JBO Talks Candidly With RatDog Guitarist Mark Karan | JamBandsOnline.com

JBO Talks Candidly With RatDog Guitarist Mark Karan

September 28, 2009
By

Mark Karan

Article By Charlie Walker

Mark Karan truly has Walked Through the Fire – and emerged on the other side stronger than ever. He’s energetically keeping a blistering schedule of promoting new album, Walk Through Fire, with a rich mix of original tunes and tribute-filled covers, while on the road with RatDog, his musical home for the past 11 years. And don’t forget about Mark’s own band, Jemimah Puddleduck.

He’s been a musician for 30 years and he first connected with the Grateful Dead family when he brought his axe to join The Other Ones and has been on the roller-coaster ride since.

But his interest in music began long before then. In fact, he’s yet another talented and driven musician inspired at the beginning by seeing The Beatles on Ed Sullivan’s show back in the 1960s.

Here, Mark waxes philosophical, and displays his wit and wisdom and insights with skill matched only by his guitar prowess.

He shares his thought on how the album came about, his battle against cancer, being a part of RatDog, Jerry Garcia’s legacy and even the jamband scene as a whole, in this interview with Jam Bands Online writer Charlie Walker.

JBO: Can you talk a little bit about “Walk Through the Fire”? You said you wrote it while going through your first round of chemotherapy.
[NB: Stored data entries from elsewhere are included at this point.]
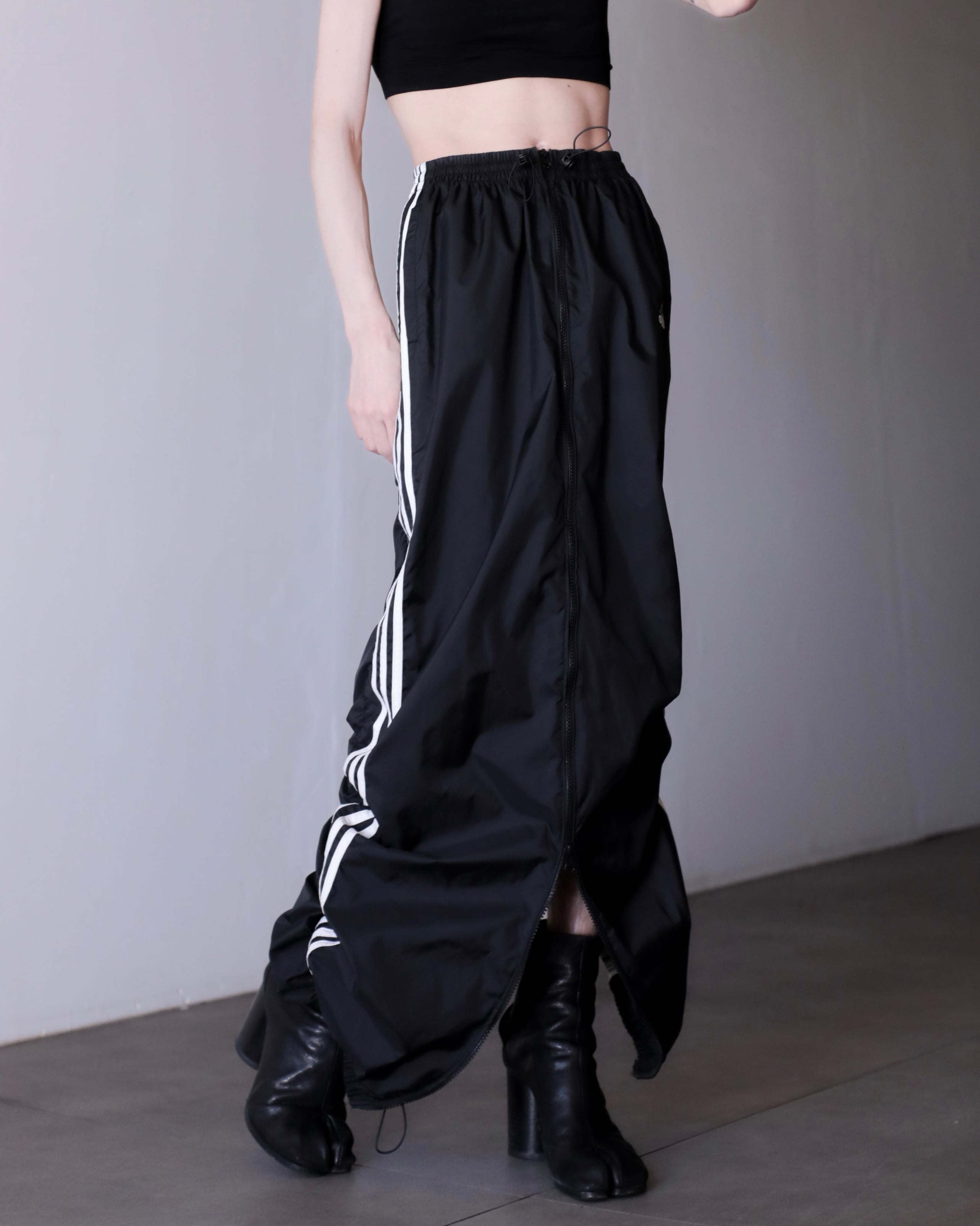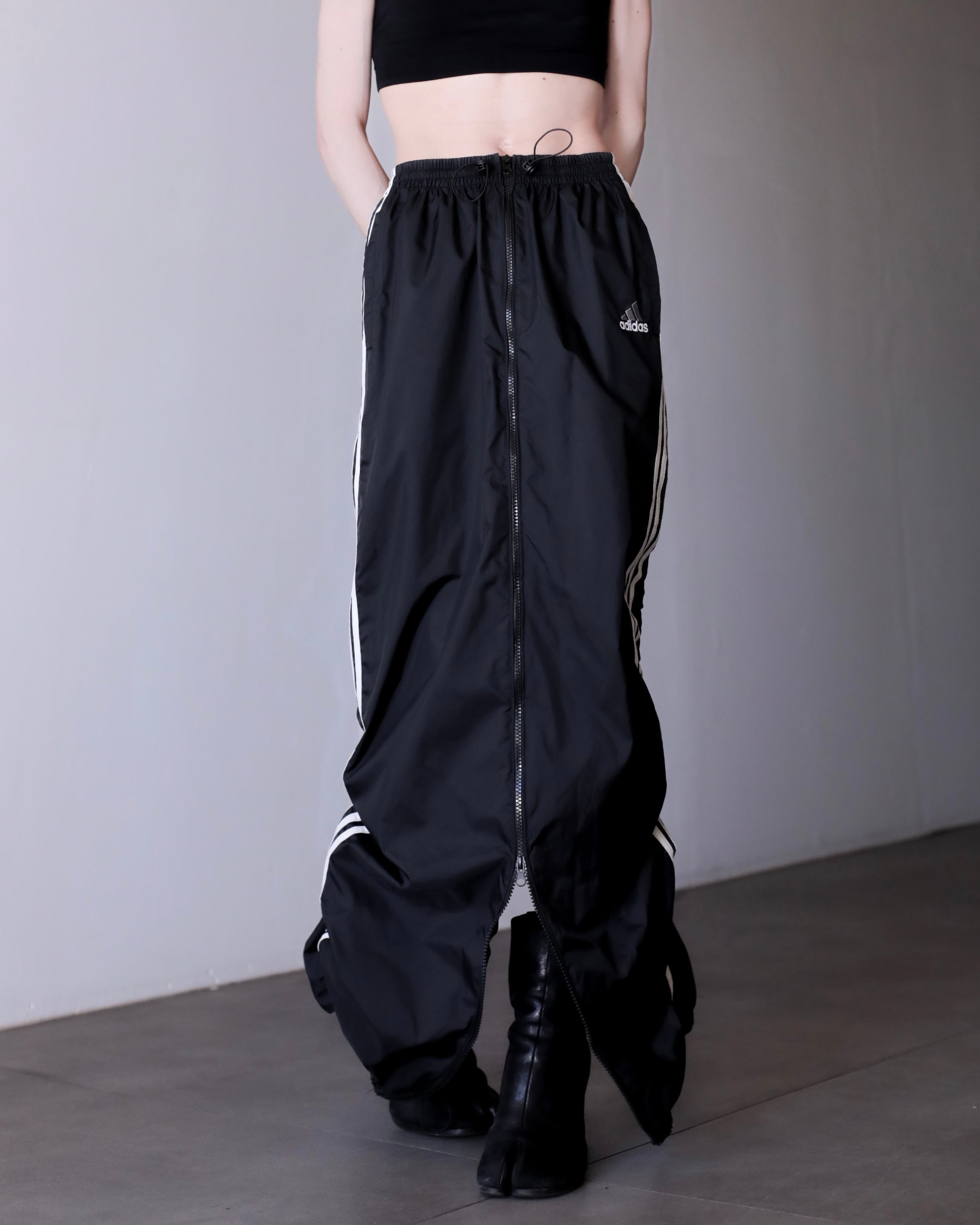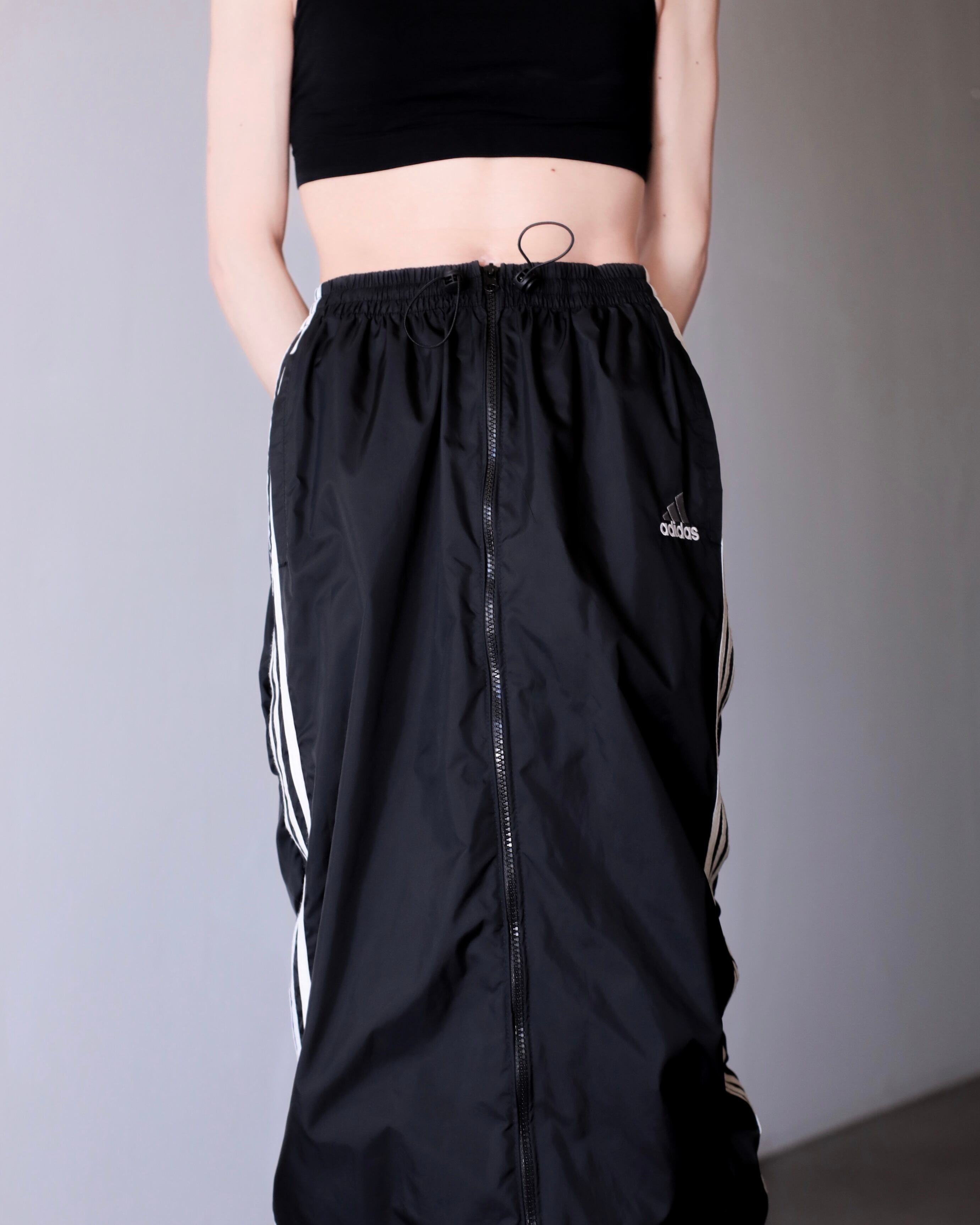 1990s adidas nylon center zip tech drawstring design maxi skirt
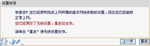 (5)设置完成后,单击下一步,如果您更改了无线设置,将弹出如下图所示的设置向导完成界面,单击重启使无线设置生效。
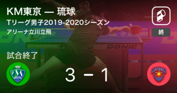 Tリーグ男子2019-2020シーズンは8月31日(土)、アリーナ立川立飛で木下マイスター東京vs琉球アスティーダの試合が行われ、KM東京が3-1で、琉球を降して勝利した。第1ゲームをKM東京2-0琉...
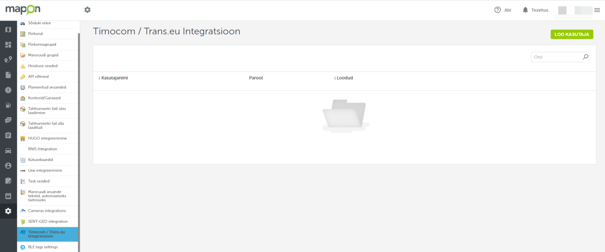 Maponi ja Trans.eu vahelise integratsiooni aktiveerimiseks logige esmalt Trans.eu platvormile sisse ja klõpsake nupule Transpordipark. Lisage sinna vähemalt üks sõiduk. Seejärel lisage Telemaatika osas teenusepakkuja, valides otsinguväljalt Maponi. Kui see on tehtud, sisenege Maponi platvormile ja liikuge Sätted osas vahekaardile Trans.eu integratsioon. Valige kasutajanimi ja salasõna ning kopeerige need andmed Trans.eu platvormil eelnevalt avatud telemaatika teenusepakkuja valikumenüüsse. Seejärel tuleb vaid sisse logida ja integratsiooni kasutama hakata. Vaadake käesolevas juhendis integratsiooni paigaldamise täielikku õpetust.
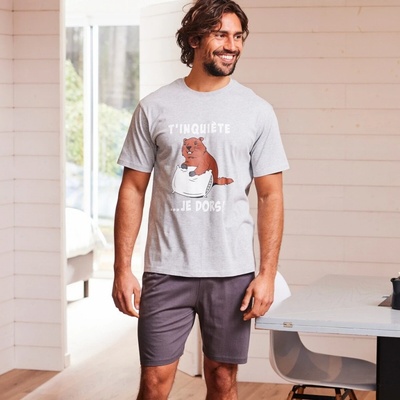 Dvoudílné pánské pyžamo šedé barvy, ušité z kombinace bavlny a viskózy. Z materiálů, které vynikají dobrou prodyšností a jemností.Horní díl tvoří klasické triko s krátkými...
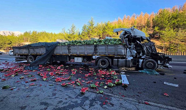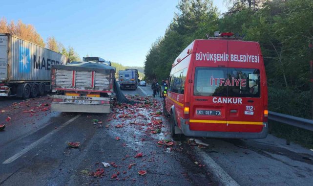 Adana-Pozantı otoyolunda karpuz yüklü tır başka bir tıra arkadan çarparak devrildi. Karpuzlar otoyola saçıldı.
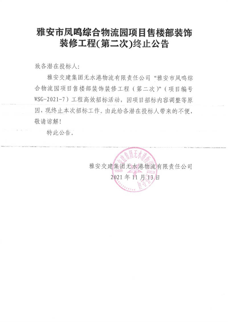 雅安交建集團(tuán)無水港物流有限責(zé)任公司雅安市鳳鳴綜合物流園項(xiàng)目售樓部裝飾裝修工程(第二次)終止公告
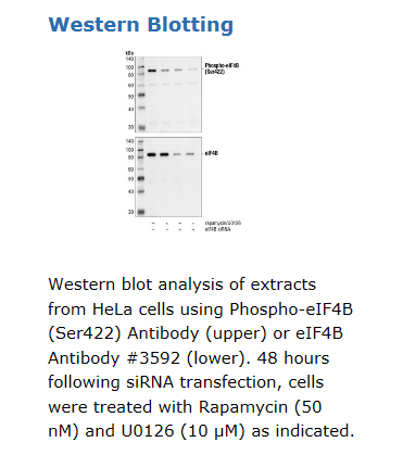 Phospho-eIF4B (Ser422) Antibody检测仅在Ser422位点磷酸化的内源性eIF4B蛋白。通过人工合成人源eIF4B蛋白Ser422位点周围序列相应的磷酸化片段去免疫动物从而制备多克隆抗体。通过蛋白A和多肽亲和层析纯化抗体。真核生物起始因子4B (eIF4B)被认为在蛋白质翻译起始阶段协助eIF4F复合物。在植物中,已知eIF4B蛋白和poly-(A)结合蛋白相互作用,从而增加它与poly-(A)结合活性(1)。虽然eIF4B在胰岛素刺激下发生磷酸化和蛋白质翻译增加保持很大的相关性,但是热休克和血清饥饿能够引起eIF4B在多个位点去磷酸化,这类似一些翻译抑制的动力学特征(2-5)。许多激酶包括p70 S6 激酶能够在体外使eIF4B磷酸化,同时至少一个血清诱导的eIF4B磷酸化位点对rapamycin和LY294002敏感(6)。最近研究证明Ser406位点是通过有丝分裂素调节的新型磷酸化位点(7),同时这个磷酸化位点是依赖于MEK和mTOR通路的活化(7)。因此,这个位点的磷酸化对eIF4B翻译活性起着至关重要的作用(7)。研究证明p70 S6激酶能够在体内使eIF4B蛋白在rapamycin敏感位点Ser422发生磷酸化,而eIF4B蛋白的Ser422Ala突变体在体外翻译实验中显示活性消失(7)。
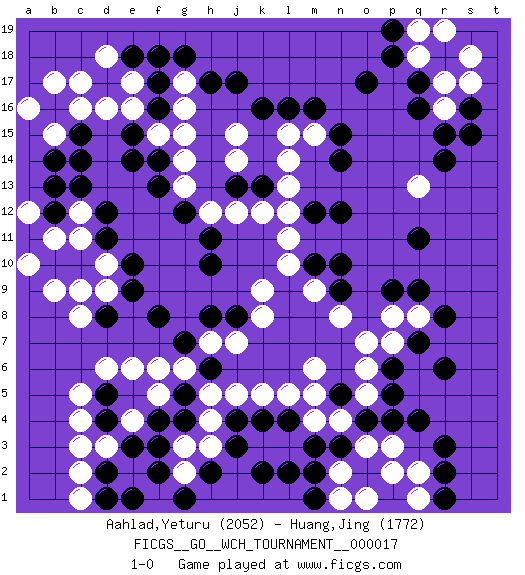 Last move : 1-0 2018 October 26 9:2:7 [Event "FICGS__GO__WCH_TOURNAMENT__000017"] [Site "FICGS"] [Date "2018.03.01"] [Round "1"] [Black "Aahlad,Yeturu"] [White "Huang,Jing"] [Result "1-0"] [Rating 1 "2052"] [Rating 2 "1772"] 1.q16 d16 2.q4 d3 3.d5 c5 4.d4 c4 5.e3 e2 6.d2 c3 7.f2 d6 8.f4 f5 9.g4 e6 10.c14 c12 11.d12 c11 12.f16 f15 13.e15 e16 14.e14 g16 15.f17 g17 16.e18 d18 17.g18 e17 18.f18 c17 19.j17 g14 20.c15 c16 21.d11 d10 22.c10 c9 23.b10 b9 24.e10 d9 25.g12 j15 26.l16 l14 27.j13 j14 28.k13 l15 29.m16 l13 30.r14 q13 31.n14 l11 32.n12 k12 33.f14 g15 34.c13 b11 35.b12 a10 36.q9 o3 37.r6 q2 38.n3 n4 39.m3 m4 40.o2 p2 41.o4 p3 42.l4 l3 43.l2 k3 44.k2 n2 45.m2 o5 46.p4 l5 47.k4 k5 48.j4 m6 49.r3 o1 50.h6 j5 51.m12 l12 52.n5 m5 53.h10 k9 54.r2 q1 55.q11 r17 56.q17 q18 57.p18 r16 58.r15 s18 59.s16 s17 60.s15 r19 61.p19 q19 62.o17 e4 63.e1 h5 64.g5 g6 65.g7 f6 66.b16 b17 67.e9 h4 68.j3 h3 69.h2 g3 70.f3 h7 71.h8 j7 72.n10 m9 73.j8 k8 74.f8 p7 75.q7 p8 76.p6 o6 77.p9 g2 78.g1 c2 79.m1 n1 80.h17 g13 81.f13 h12 82.h11 j12 83.d8 c8 84.p5 o7 85.n9 n8 86.r1 c1 87.d1 b15 88.b14 a16 89.m10 l10 90.k16 m15 91.n15 q8 92.r8 a12 93.b13 1-0 Here are the names of the openings (joseki) played in the four corners : Corner d4 : d3 d5 Komoku (Somok, Xiao~mu`) 3-4 Point. The komoku (3-4) point is the traditional corner enclosure move.. Ikken Takagakari (Hankan Nop'dakeolch'im, Yi Gaogua`jiao~, 1-Space High Approach). The 5-4 approach move has become more popular in modern times, as modern Go emphasizes speed and influence. Corner d16 : d16 c14 Hoshi (Hwajeom, Seongjeom, Xingwei`) 4-4 Point. The star or hoshi (4-4) point, emphasizing influence at the potential expense of territory. Ikken Kakari (Hankan Keolch'im, Yi Gua`jiao~, 1-Space Low Approach). Black 2 is the standard approach move to the 4-4. Player Black won this Go (weiqi, baduk) game. Follow this game move after move (download)To reduce an opponent's large prospective territory, strike at the shoulder. (Anonymous) All art requires courage. (Anne Tucker)
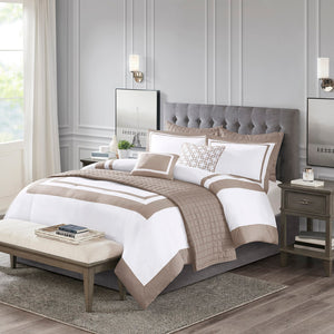- Quilt and matching shams have end-to-end diamond quilting; and throw pillows have embroidered and pieced details
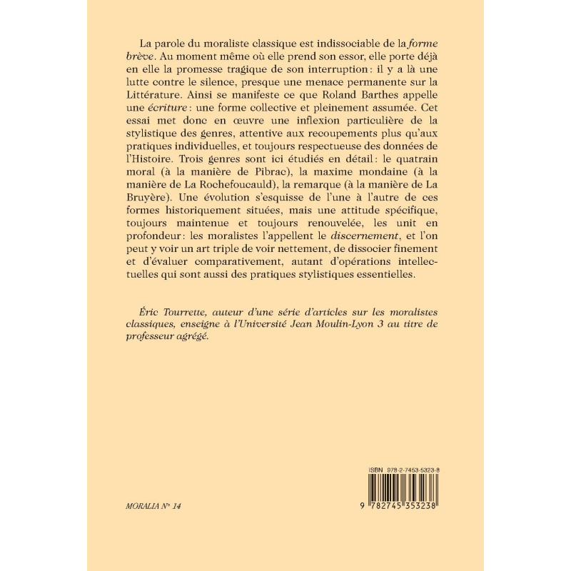 La parole du moraliste classique est indissociable de la forme brève. Au moment même où elle prend son essor, elle porte déjà en elle la promesse tragique de son interruption : il y a là une lutte contre le silence, presque une menace permanente sur la Littérature. Ainsi se manifeste ce que Roland Barthes appelle une écriture : une forme collective et pleinement assumée. Cet essai met donc en oeuvre une inflexion particulière de la stylistique des genres, attentive aux recoupements plus qu’aux pratiques individuelles, et toujours respectueuse des données de l’Histoire. Trois genres sont ici étudiés en détail : le quatrain moral (à la manière de Pibrac), la maxime mondaine (à la manière de La Rochefoucauld), la remarque (à la manière de La Bruyère). Une évolution s’esquisse de l’une à l’autre de ces formes historiquement situées, mais une attitude spécifique, toujours maintenue et toujours renouvelée, les unit en profondeur : les moralistes l’appellent le discernement, et l’on peut y voir un art triple de voir nettement, de dissocier finement et d’évaluer comparativement, autant d’opérations intellectuelles qui sont aussi des pratiques stylistiques essentielles.

But what was going through your mind at that time? What inside of you gave rise to this creative outpouring?

MK: Well, I don’t know that I could define what was going through my mind. The truth is I was working pretty hard at staying OUT of my head. My brain (like most) can be full of fear and old thinking and I was really concentrating on trying to let go and trust, to have faith that I could still have a life. There I was, sitting in the hospital bed awaiting treatment to begin and feeling extremely nervous but pretty positive that I was going to live through the challenge — but that I was meant to come away with a life lesson of REAL value if I only paid attention. I asked my wife (Maile) for my guitar and a minute later for a pad and pen, and the song just kinda poured out. I wrote the whole thing in about 10 minutes!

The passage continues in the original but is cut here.